Summary: Our review shows that all the different phases of the news-life cycle are covered by the research, from predicting future news, through detecting and monitoring emerging, breaking, and developing news, to managing and exploiting already published news. Many main papers attempt to cover several of these life-cycle phases.

3.7 Semantic Techniques and Tools

The main papers use a broad variety of semantic techniques and tools. For the purpose of this review, we separate them into exchange formats, ontologies and vocabularies, information resources, and processing and storage techniques.

Semantic exchange formats: By semantic exchange formats, we mean standards for exchanging and storing semantic data. As shown in Figure 4(a), RDF, OWL, and SPARQL are most common. More than half of the papers use RDF to manage information. The earliest example is Neptuno [7], which uses RDF to represent the IPTC’s hierarchical subject reference system. More than a third of the main papers use OWL for ontology representation. For example, the MediaLoep data model [10] is represented in OWL (using the SKOS vocabulary), and its concepts are linked to standard knowledge bases such as DBpedia [85] and GeoNames. And we have already mentioned the NEWS Ontology [17], which is represented in OWL-DL, the description logic subset of OWL. SPARQL is also common. It is central in the Hermes project [4] and in the News Articles Platform [53]. RDFS is also widely used, including in the NEWS [15] project.

Fig. 4. The most frequently used semantic (a) exchange formats and (b) vocabularies and ontologies.
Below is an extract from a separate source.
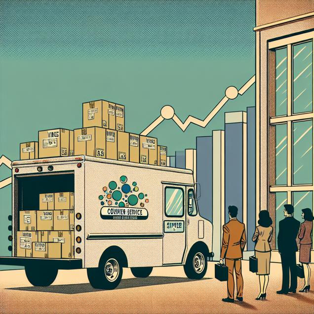 ChatGPT: Generate a comic-book-style illustration with muted colors and a dotted halftone pattern from the 1960s. Depict a scene where a FedEx delivery truck pulls up outside AsapSCIENCE's office. The truck's doors are swung open, revealing a stack of packages filled with provocative video ideas. As the packages are unloaded, the titles of the videos are visible on their side, catching the eyes of passing investors. In the background, the stock price chart of FedEx (FDX) shows a steady ascent, symbolizing the increased interest and investment in the company. Keep the visual depiction simple. Do not include any words or speech bubbles.

Ontologies and vocabularies: By ontologies and vocabularies, we mean formal terminologies for semantic information exchange. As shown in Figure 4(b), Dublin Core (DC) and Friend of a Friend (FOAF) are the most used general vocabularies, starting already with KIM [37], whose ontology is designed to be aligned with them both. The NEWS project [15] also uses DC, whereas FOAF plays a prominent role in a few approaches that deal with personalisation, in particular in a social context [28, 44]. Another much-used ontology is the Simple Knowledge Organization System (SKOS). It is used by the NEWS Ontology [17] to align and interoperate concepts from different annotation standards, including the IPTC News Codes. It is also used for personalised multimedia recommendation in Reference [26] and for integrating news-production metadata in Reference [10]. The OWL-representation of IPTC’s News Codes in Reference [71] links to Dublin Core and SKOS concepts to increase precision and facilitate content enrichment. The Simple Event Model (SEM) and OWL Time are used in the NewsReader [72] and News Angler projects [46]. SUMO/MILO is used in the NEWS project [15]. SUMO and ESO are used in NewsReader [59, 72]. Other general ontologies include schema.org, used to contextualise the ClaimsKG [69] and KIM’s PROTON ontology [37]. The Provenance Data Model (PROV-DM) is used to discover high-level provenance using semantic similarity in [9]. Although several other papers mention provenance, too, they do not explicitly refer to or use PROV-DM, nor its OWL formulation, PROV-O. However, the NewsReader project [72] uses the Grounded Representation and Source Perspective (GRaSP) framework, which has at least been designed to be compatible with PROV-DM.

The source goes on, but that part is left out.